Secondo l'Economist dietro alla multinazionale cinese si nasconderebbe il partito comunista più grande del mondo. E in azienda esistono anche i lavoratori "combattenti": quelli che fanno a meno di alcuni diritti (straordinari, maternità) per fare carriere e avere scatti di salario
Il primo numero di agosto dell’Economist aveva in copertina alcuni cellulari con la bandiera cinese sullo schermo e la frase di sfondo: “Chi ha paura della Huawei?”. Domanda legittima, che negli articoli successivi veniva indagata: gli Stati Uniti e non solo, cercano di arginare il nuovo colosso delle telecomunicazioni cinesi, perché dietro la patina di multinazionale si nasconderebbe proprio il Partito Comunista più grande del mondo.
La Huawei negli ultimi anni ha aumentato i propri numeri, arrivando a 32 miliardi di dollari di giro d’affari, con 140mila lavoratori e oltre 100 sedi in tutto il mondo. E’ ormai in grado di competere sul mercato mondiale delle infrastrutture tecnologiche di comunicazione, ma anche in quello dei cellulari o dei sistemi di cloud computing, grazie alla qualità e non solo alla competitività dei prezzi che l’hanno contraddistinta nei primi anni della sua ascesa.
Si tratta di un’azienda che ha al suo interno, fin dalla nascita, alcuni lati oscuri che contribuiscono alla diffidenza con cui viene vista da molti mercati mondiali, primo tra tutti quello degli States. Intanto, pur essendo una cooperativa, è stata fondata da Ren Zhengfei – ex ingegnere militare – che riuscì a entrare nel Partito comunista cinese nel 1978. Un ritardo causato dall’appartenenza del padre agli sconfitti del Kuomintang. Oggi Ren detiene solo l’1,42% delle quote azionarie, ma la sua presenza fa insospettire non pochi circa la vicinanza tra esercito, partito e azienda, nonostante le garanzie che dovrebbe affidare un management sempre più internazionale.
La Huawei è anche nota per alcune “caratteristiche”: lo “spirito del materasso”, i “lavoratori combattenti” e lo “spirito del lupo”, sintomi dell’anima dell’azienda molto competitiva e organizzata – almeno in Cina- in modo gerarchico e quasi militare.
La “cultura del materasso”: si tratta di un classico negli uffici cinesi, fare un pisolino dopo la pausa pranzo. Finito di mangiare, spesso i cinesi appoggiano braccia e testa al tavolo e si fanno una pausa di mezz’ora di sonno completo. Secondo i dirigenti Huawei incontrati a Shenzhen, il materasso posto sotto la scrivania aiuterebbe a godersi questa abitudine rendendola più umana e godereccia.

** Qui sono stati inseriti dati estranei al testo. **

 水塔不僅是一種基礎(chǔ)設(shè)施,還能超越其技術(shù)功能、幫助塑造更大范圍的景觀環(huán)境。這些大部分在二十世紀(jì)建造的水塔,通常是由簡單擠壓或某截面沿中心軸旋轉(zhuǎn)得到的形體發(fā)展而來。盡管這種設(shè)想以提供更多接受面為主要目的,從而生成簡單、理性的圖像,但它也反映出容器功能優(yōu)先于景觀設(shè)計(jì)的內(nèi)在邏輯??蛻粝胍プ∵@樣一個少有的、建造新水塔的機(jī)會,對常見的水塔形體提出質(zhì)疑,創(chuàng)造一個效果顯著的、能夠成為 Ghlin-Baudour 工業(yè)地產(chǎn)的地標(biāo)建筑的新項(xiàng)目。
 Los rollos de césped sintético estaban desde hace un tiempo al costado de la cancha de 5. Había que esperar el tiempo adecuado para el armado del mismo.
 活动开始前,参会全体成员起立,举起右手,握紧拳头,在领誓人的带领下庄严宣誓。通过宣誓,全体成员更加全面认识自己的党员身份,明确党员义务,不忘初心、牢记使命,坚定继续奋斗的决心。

Diversa l’opinione di alcuni dipendenti della Huawei che in modo anonimo hanno invece denunciato come il materasso, almeno agli albori dell’azienda cinese, servisse soprattutto a dormire in ufficio anche di notte, dati i ritmi di lavoro sempre più alti.

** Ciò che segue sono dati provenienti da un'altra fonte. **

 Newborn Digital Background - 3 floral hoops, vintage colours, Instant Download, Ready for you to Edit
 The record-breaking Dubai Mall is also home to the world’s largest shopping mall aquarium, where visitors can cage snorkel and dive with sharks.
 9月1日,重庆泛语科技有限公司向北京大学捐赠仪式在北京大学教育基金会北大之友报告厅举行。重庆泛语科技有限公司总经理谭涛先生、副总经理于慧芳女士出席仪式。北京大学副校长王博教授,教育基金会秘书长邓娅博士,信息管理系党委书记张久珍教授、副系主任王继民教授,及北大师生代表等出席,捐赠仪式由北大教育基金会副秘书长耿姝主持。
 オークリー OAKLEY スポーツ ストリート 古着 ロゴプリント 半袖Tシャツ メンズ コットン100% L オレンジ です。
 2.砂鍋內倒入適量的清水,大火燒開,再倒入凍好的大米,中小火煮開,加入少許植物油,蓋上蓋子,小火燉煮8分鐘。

Il Nanfang Zhuomo, magazine in lingua cinese, nel dicembre del 2010 aveva provato a raccogliere voci interne all’azienda, riguardo un accordo che sarebbe intercorso tra Huawei e lavoratori. Al momento della firma del contratto, il lavoratore poteva infatti scegliere se essere “combattente” o semplice “lavoratore”. I “combattenti” avrebbero accettato di rinunciare ad alcuni diritti (straordinari, maternità) ma avrebbero avuto più possibilità di fare carriera e avere scatti di salario, il lavoratore normale, invece, avrebbe mantenuto i diritti ma avrebbe avuto penalizzazione nelle promozioni e nei dividendi finali. Una scelta molto discussa in Cina, su cui gli stessi lavoratori finirono per esprimersi in maniera diversa.
Si tratta dell’anima che contraddistingue, fin dalla nascita, l’azienda. Fu lo stesso Ren Zhengfei, negli anni Novanta, paragonando le multinazionali dell’epoca agli elefanti, a dire che la Huawei doveva sviluppare “lo spirito del lupo”, composto da un grande fiuto, un istinto competitivo e un afflato di sacrificio e cooperazione.
Fattori che ne hanno determinato la crescita e il successo, non solo in Cina: la Huawei ha infatti uno slancio internazionale fin dalla sua nascita, con una tecnica che secondo l’Economist si potrebbe definire maoista: dapprima in Cina la Huawei si è concentrata nei piccoli centri, fornendo i propri servizi e arrivando dopo nelle grandi città. E anche la sua tattica internazionale avrebbe utilizzato un metodo simile: partita da paesi limitrofi, ha finito per diventare leader sui più importanti mercati mondiali.